ROANOKE TIMES Copyright (c) 1997, Roanoke Times DATE: Sunday, April 6, 1997 TAG: 9704070017 SECTION: EDITORIAL PAGE: 3 EDITION: METRO SOURCE: LEO SANDON
``WHEN THE half-gods go, the minimal gods arrive.'' - H. Richard Niebuhr.
What does it take for marginal religious groups to startle a nation? The People's Temple Christian Church in Jonestown, Guyana, got our attention in 1978 when 913 of its members died in ritual suicide. It happened again in 1993 near Waco, Texas, when federal agents, against the advice of those of us who have studied such groups, insisted on interpreting the Branch Davidian commune as a hostage situation, attacking the compound and provoking the conflagration in which more than 75 people died.

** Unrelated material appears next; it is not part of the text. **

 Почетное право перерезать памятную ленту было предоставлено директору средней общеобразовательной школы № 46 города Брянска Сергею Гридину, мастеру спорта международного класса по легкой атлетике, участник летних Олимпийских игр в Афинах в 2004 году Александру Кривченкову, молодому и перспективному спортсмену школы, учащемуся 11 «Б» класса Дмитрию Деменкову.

The Order of the Solar Temple induced the ``reincarnation'' of 56 of its members through suicides in Switzerland and Canada in October 1994, followed by the deaths of 16 more outside of Grenoble, France, at the winter solstice in 1995. Earlier this month, another five members died in a mysterious fire near Quebec City.

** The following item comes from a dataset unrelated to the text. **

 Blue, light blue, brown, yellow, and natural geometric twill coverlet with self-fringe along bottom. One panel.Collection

Now, 39 members of the Heaven's Gate religious commune have ``shed their containers,'' thus mesmerizing the news media and energizing a spate of background investigations. The suicide dominated almost the entire hour on ABC's ``This Week,'' and the covers of both Time and Newsweek highlighted the story. As the facts and details fall into place, public intellectuals will be offering commentary.
One thing to be avoided is blaming human behavior on technology. The fact that the Heaven's Gate folk were involved in creating Web sites and used the Internet to promote their beliefs does not mean that this is an event produced by cyberspace evil.

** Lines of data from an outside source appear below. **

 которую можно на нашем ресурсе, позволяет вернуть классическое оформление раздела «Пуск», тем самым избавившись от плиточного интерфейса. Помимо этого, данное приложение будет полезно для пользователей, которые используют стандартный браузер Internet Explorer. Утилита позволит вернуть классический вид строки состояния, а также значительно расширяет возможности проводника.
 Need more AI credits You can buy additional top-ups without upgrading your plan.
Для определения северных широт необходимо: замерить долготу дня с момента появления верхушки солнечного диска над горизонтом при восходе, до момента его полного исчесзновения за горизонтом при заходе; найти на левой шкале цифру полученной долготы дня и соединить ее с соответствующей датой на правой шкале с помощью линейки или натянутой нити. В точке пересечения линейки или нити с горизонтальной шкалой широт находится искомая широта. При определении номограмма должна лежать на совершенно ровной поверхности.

Alternative religions often have been on the cutting edge of technology. Indeed, in the case of such groups as the Shakers and the Oneida community, they were pioneers in technological development. Technology is neutral, and technological expertise is not necessarily accompanied by spiritual discernment and wisdom. Policies formulated to police the Internet are neither necessary nor workable.
Another response we should refrain from indulging is one curtailing the activities of religious ``cults.'' If a group is so alienated from established institutions that it violates either civil or criminal codes, we should, of course, prosecute. But if we believe in religious liberty, we will refrain from censoring them on the basis of their peculiar ideology or bizarre behavior.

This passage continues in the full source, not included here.